■ **Data records**

┄┄┄┄┄┄┄┄┄┄

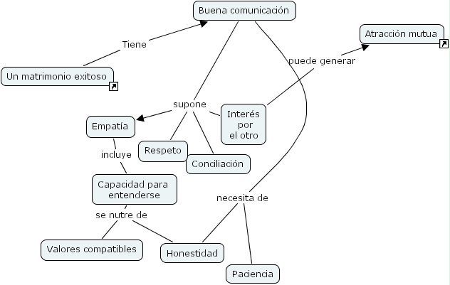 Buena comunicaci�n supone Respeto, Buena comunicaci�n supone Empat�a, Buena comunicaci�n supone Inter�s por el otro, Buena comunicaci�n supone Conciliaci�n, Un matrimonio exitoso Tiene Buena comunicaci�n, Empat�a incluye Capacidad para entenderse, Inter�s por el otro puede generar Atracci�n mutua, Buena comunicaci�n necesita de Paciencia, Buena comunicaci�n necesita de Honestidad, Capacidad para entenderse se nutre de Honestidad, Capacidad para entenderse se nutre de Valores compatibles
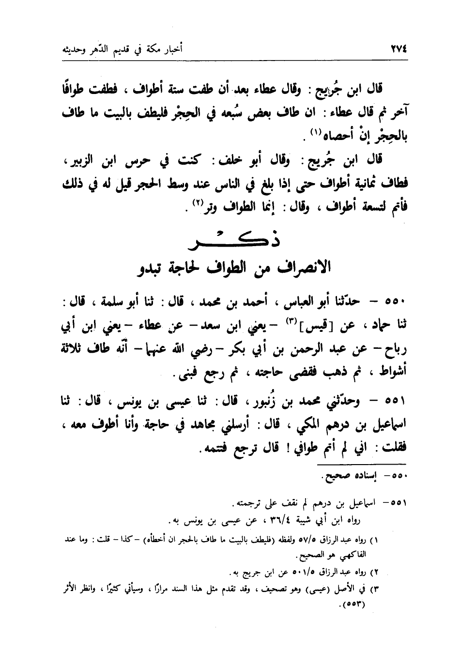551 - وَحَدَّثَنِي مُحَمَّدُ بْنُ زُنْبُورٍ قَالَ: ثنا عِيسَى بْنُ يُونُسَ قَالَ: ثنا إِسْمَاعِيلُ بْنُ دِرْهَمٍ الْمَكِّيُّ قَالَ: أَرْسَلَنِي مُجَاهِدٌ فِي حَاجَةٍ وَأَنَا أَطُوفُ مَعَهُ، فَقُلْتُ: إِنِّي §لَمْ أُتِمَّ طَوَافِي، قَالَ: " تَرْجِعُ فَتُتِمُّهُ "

┄┄┄┄┄┄┄┄┄┄

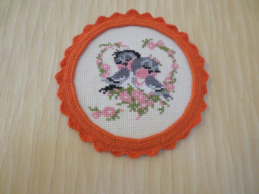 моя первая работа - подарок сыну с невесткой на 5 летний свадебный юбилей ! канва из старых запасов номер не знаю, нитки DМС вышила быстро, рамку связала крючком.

┄┄┄┄┄┄┄┄┄┄

■ **Problem statement**
When you reach the line with "Buena comunicaci�n supone Respeto, Buena" in the records above, start writing out each line exactly, and stop after the line with "551 - وَحَدَّثَنِي". Pictures stay out.

■ **Completed task**
 Buena comunicaci�n supone Respeto, Buena comunicaci�n supone Empat�a, Buena comunicaci�n supone Inter�s por el otro, Buena comunicaci�n supone Conciliaci�n, Un matrimonio exitoso Tiene Buena comunicaci�n, Empat�a incluye Capacidad para entenderse, Inter�s por el otro puede generar Atracci�n mutua, Buena comunicaci�n necesita de Paciencia, Buena comunicaci�n necesita de Honestidad, Capacidad para entenderse se nutre de Honestidad, Capacidad para entenderse se nutre de Valores compatibles
551 - وَحَدَّثَنِي مُحَمَّدُ بْنُ زُنْبُورٍ قَالَ: ثنا عِيسَى بْنُ يُونُسَ قَالَ: ثنا إِسْمَاعِيلُ بْنُ دِرْهَمٍ الْمَكِّيُّ قَالَ: أَرْسَلَنِي مُجَاهِدٌ فِي حَاجَةٍ وَأَنَا أَطُوفُ مَعَهُ، فَقُلْتُ: إِنِّي §لَمْ أُتِمَّ طَوَافِي، قَالَ: " تَرْجِعُ فَتُتِمُّهُ "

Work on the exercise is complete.